§ TASK TO COMPLETE
Any picture in the range stays out of the copy; retype exactly the lines from the one with "コンテナで2本ミニトマトのアイコが花を付け始めました 二人で毎朝サラダに入れて丁度いい コンテナで" to the end of the listing.
'''
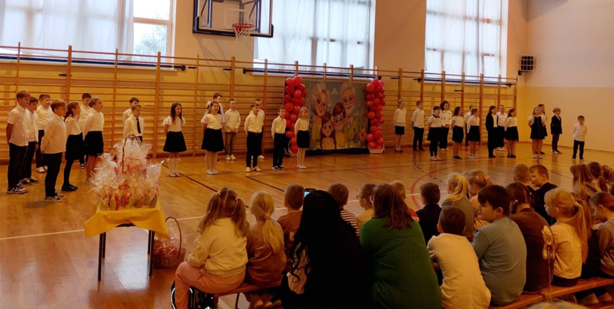 Po ślubowaniu odbyła się część artystyczna, podczas której w humorystyczny, ale pełen wdzięczności sposób uczniowie podziękowali nauczycielom, pracownikom szkoły za ich codzienny trud, cierpliwość i serce. Były wiersze, piosenki, scenki z życia szkolnego oraz ,,pastylki mocy” na wszelkie nauczycielskie bolączki, którymi zostali obdarowani pracownicy szkoły.
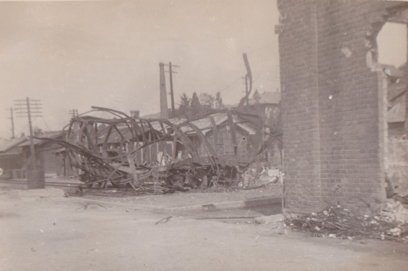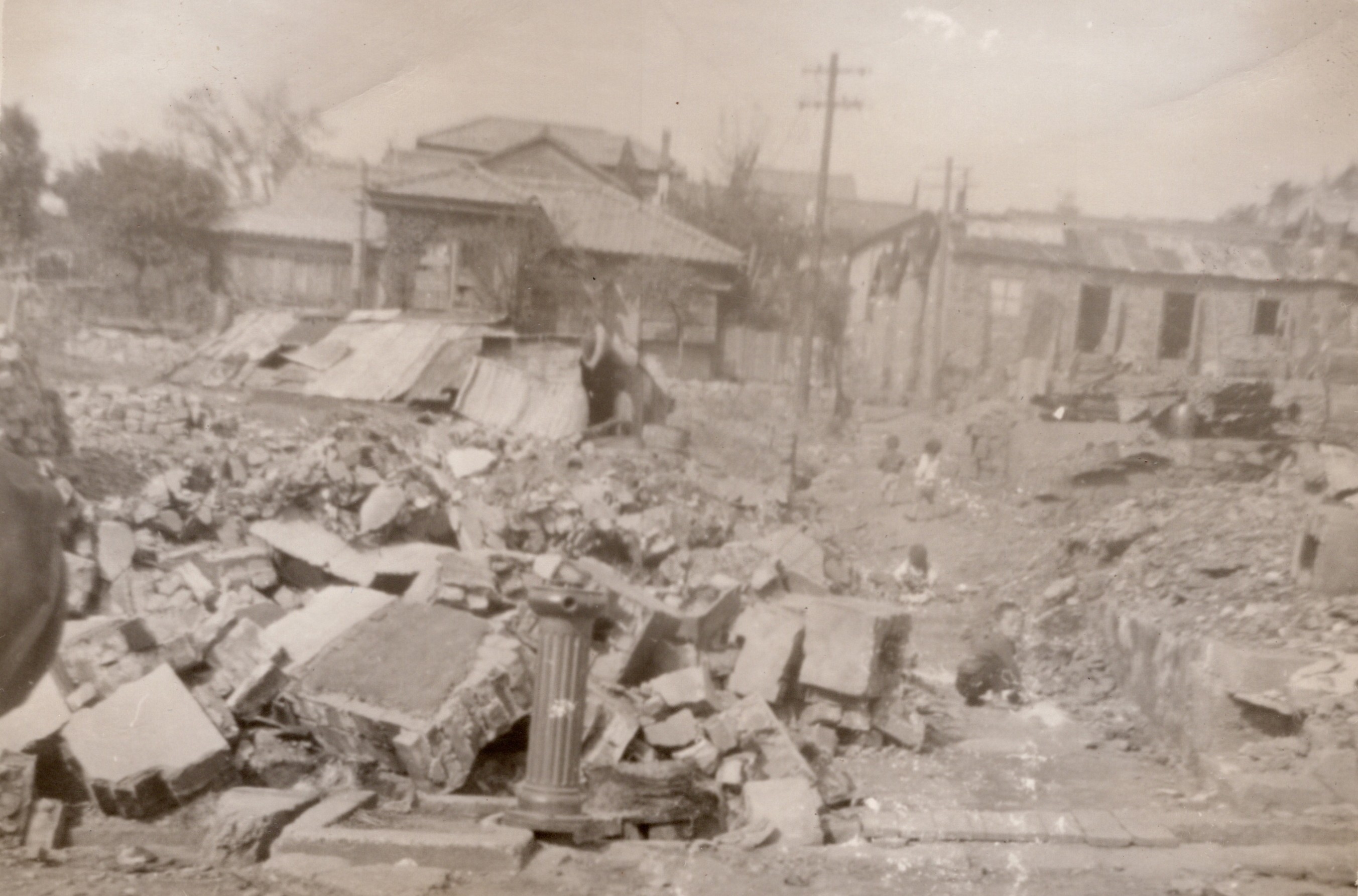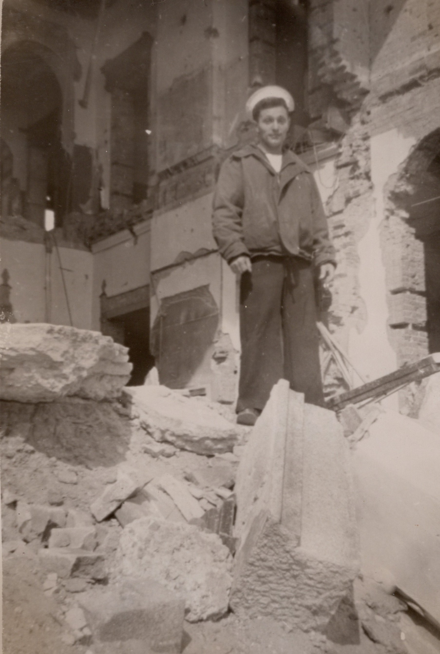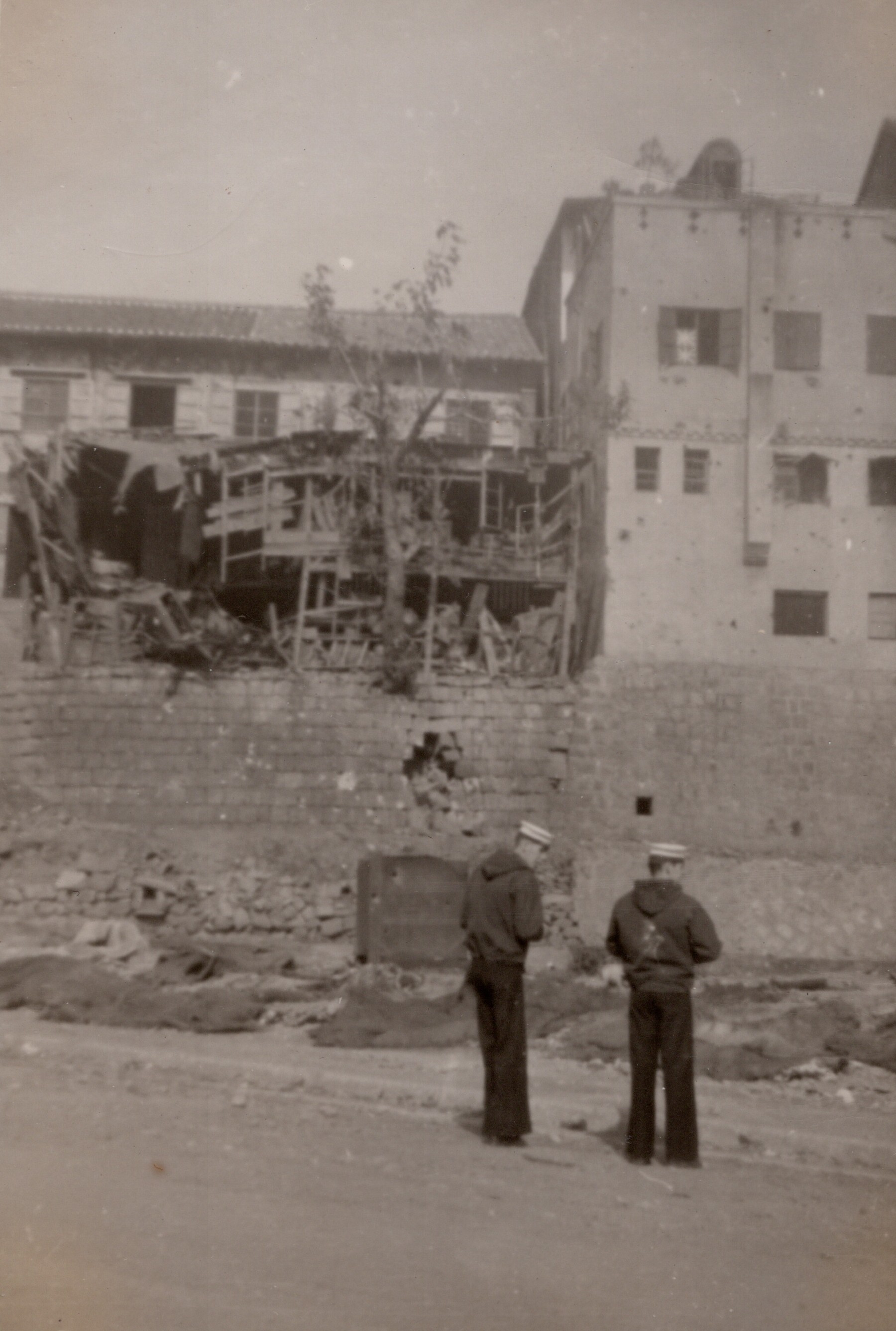 (NRT108) British Consulate at Inchon damaged during the bombardment (NRT109) Unknown sailor standing in the wreckage of the interior of the British Consulate (NRT110) Destroyed factory at Inchon
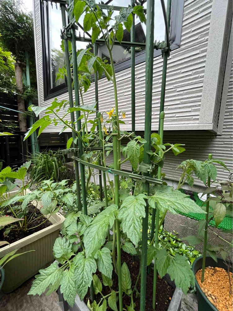 コンテナで2本ミニトマトのアイコが花を付け始めました 二人で毎朝サラダに入れて丁度いい コンテナで
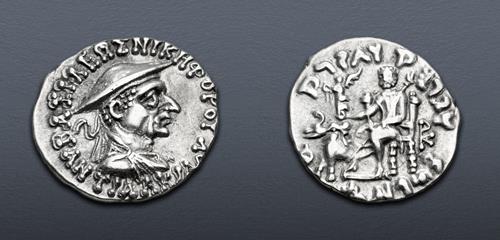 Electronic Auction 587 Lot: 420. BAKTRIA, Indo-Greek Kingdom. Antialkidas Nikephoros. Circa 130-120 BC. AR Drachm (18.5mm, 2.44 g, 11h). VF.
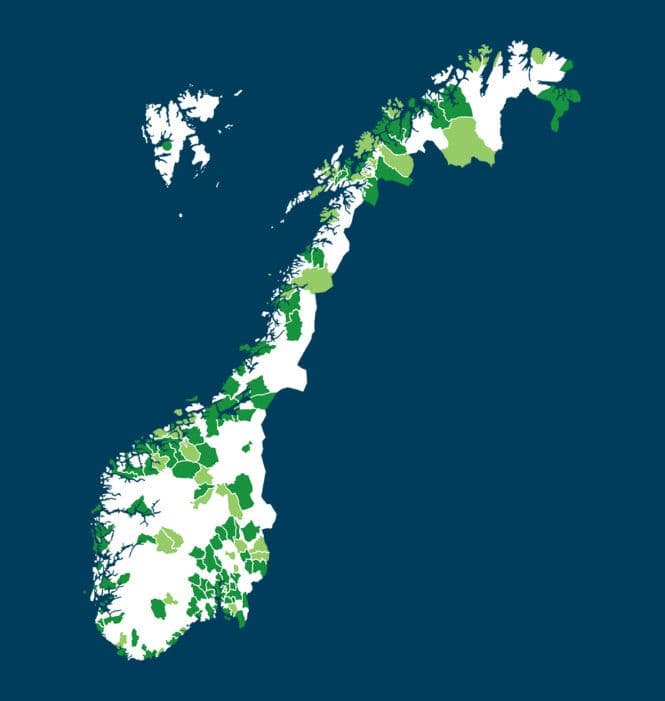Vi har merket en markant økning i etterspørsel etter grønne lån. I kartet over kan dere se i hvilke kommuner vi finansierer klimavennlige prosjekter, og dette kartet blir stadig grønnere. Ved å finansiere deres klimavennlige prosjekter, vil også deres kommune markeres med grønn farge på dette kartet – målet er at hele norgeskartet skal bli grønt!
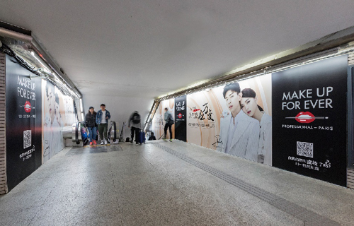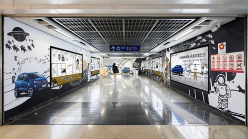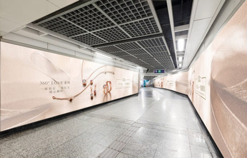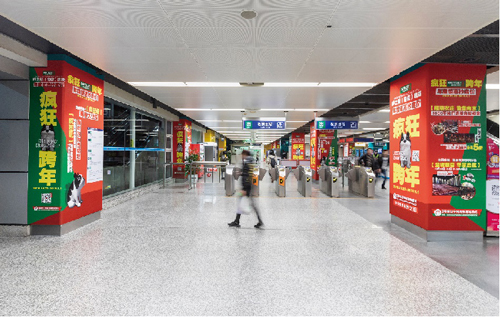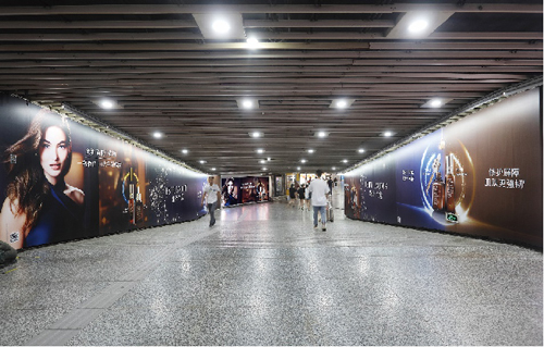 | 創(chuàng)意媒體-南京地鐵新街口站8號品牌通道廣告 線路:1、2號線 組合形式:73.34㎡ 墻貼 媒體費(元/52周):600,000 制作方式:UV寫真燈布 制作費(元/次):22,002 |
'''
§ RESULT OF THIS TASK
 コンテナで2本ミニトマトのアイコが花を付け始めました 二人で毎朝サラダに入れて丁度いい コンテナで
 Electronic Auction 587 Lot: 420. BAKTRIA, Indo-Greek Kingdom. Antialkidas Nikephoros. Circa 130-120 BC. AR Drachm (18.5mm, 2.44 g, 11h). VF.
Vi har merket en markant økning i etterspørsel etter grønne lån. I kartet over kan dere se i hvilke kommuner vi finansierer klimavennlige prosjekter, og dette kartet blir stadig grønnere. Ved å finansiere deres klimavennlige prosjekter, vil også deres kommune markeres med grønn farge på dette kartet – målet er at hele norgeskartet skal bli grønt!
 | 創(chuàng)意媒體-南京地鐵新街口站8號品牌通道廣告 線路:1、2號線 組合形式:73.34㎡ 墻貼 媒體費(元/52周):600,000 制作方式:UV寫真燈布 制作費(元/次):22,002 |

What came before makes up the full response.